Start of GIVEN INFORMATION

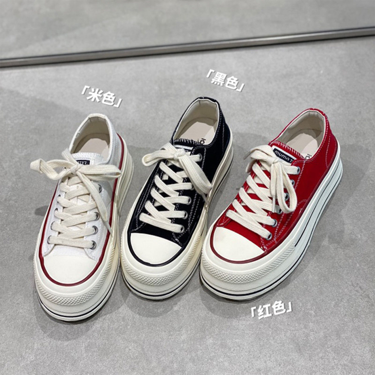 Italy SANLI~Ancora red platform canvas shoes women's new breathable and versatile comfortable height-increasing casual board shoes
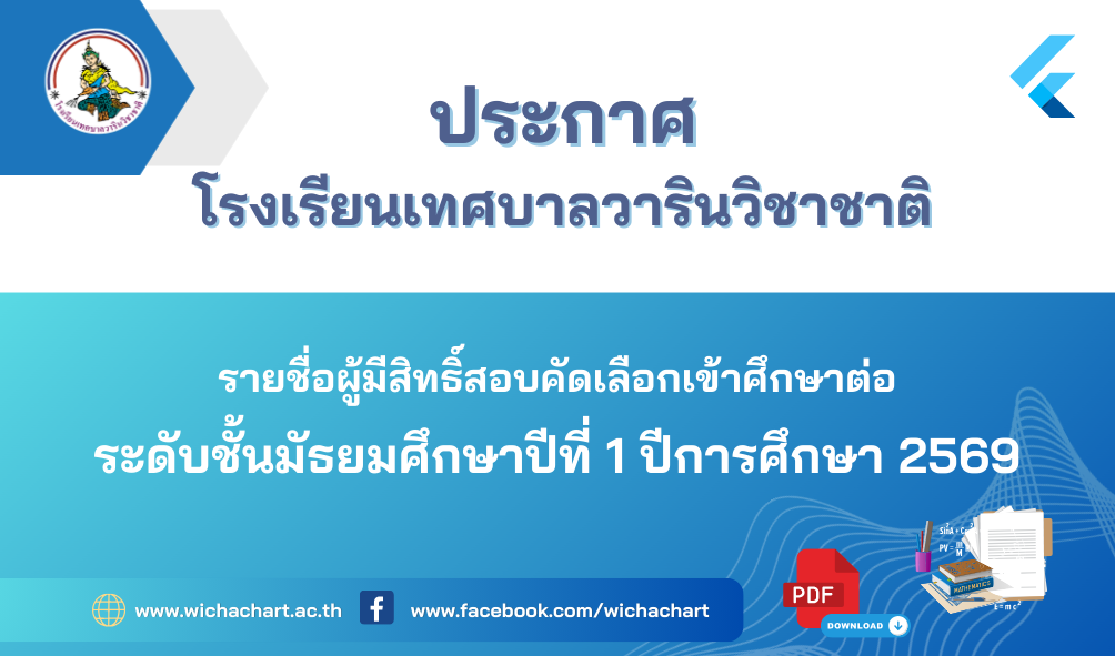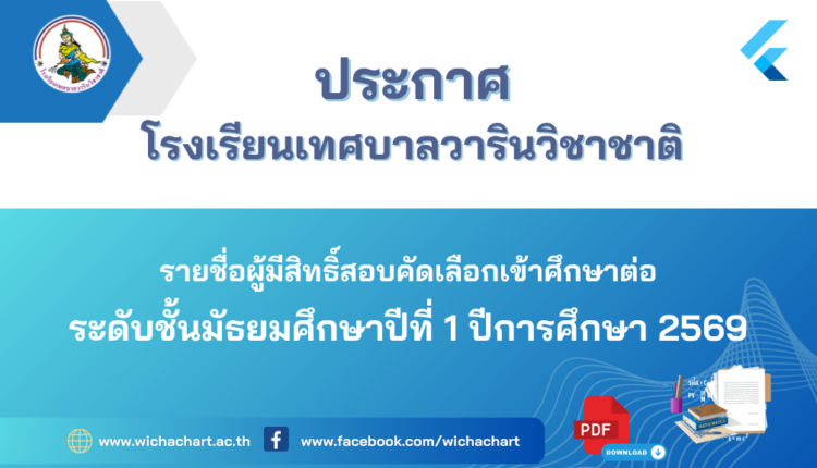 เข้าศึกษาต่อในระดับชั้นมัธยมศึกษาปีที่ 1 ประจำปีการศึกษา 2569
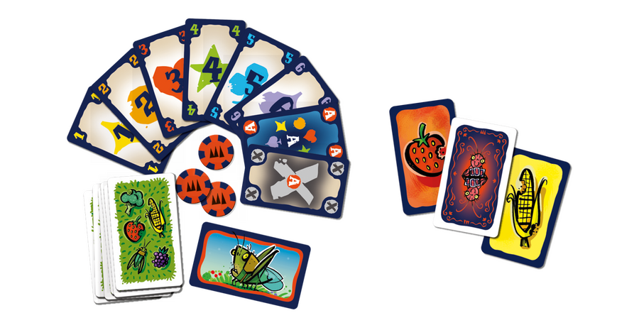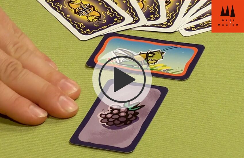 Wer schafft es am geschicktesten, seinen Garten anzubauen und sich aber gleichzeitig vor den gefräßigen Heuschrecken zu schützen? Alle bieten gleichzeitig mit ihren Pokerkarten auf die Gartenauslage. Das höchste Gebot gewinnt. Aber Vorsicht: Gleiche Karten stechen sich aus und die Ass- und Passkarten bringen richtig Würze ins Spiel!

End of GIVEN INFORMATION

• _ASSIGNMENT_: All the material shown above is to be copied exactly, with no pictures carried over.

• _REPLY_:
 Italy SANLI~Ancora red platform canvas shoes women's new breathable and versatile comfortable height-increasing casual board shoes
 เข้าศึกษาต่อในระดับชั้นมัธยมศึกษาปีที่ 1 ประจำปีการศึกษา 2569
 Wer schafft es am geschicktesten, seinen Garten anzubauen und sich aber gleichzeitig vor den gefräßigen Heuschrecken zu schützen? Alle bieten gleichzeitig mit ihren Pokerkarten auf die Gartenauslage. Das höchste Gebot gewinnt. Aber Vorsicht: Gleiche Karten stechen sich aus und die Ass- und Passkarten bringen richtig Würze ins Spiel!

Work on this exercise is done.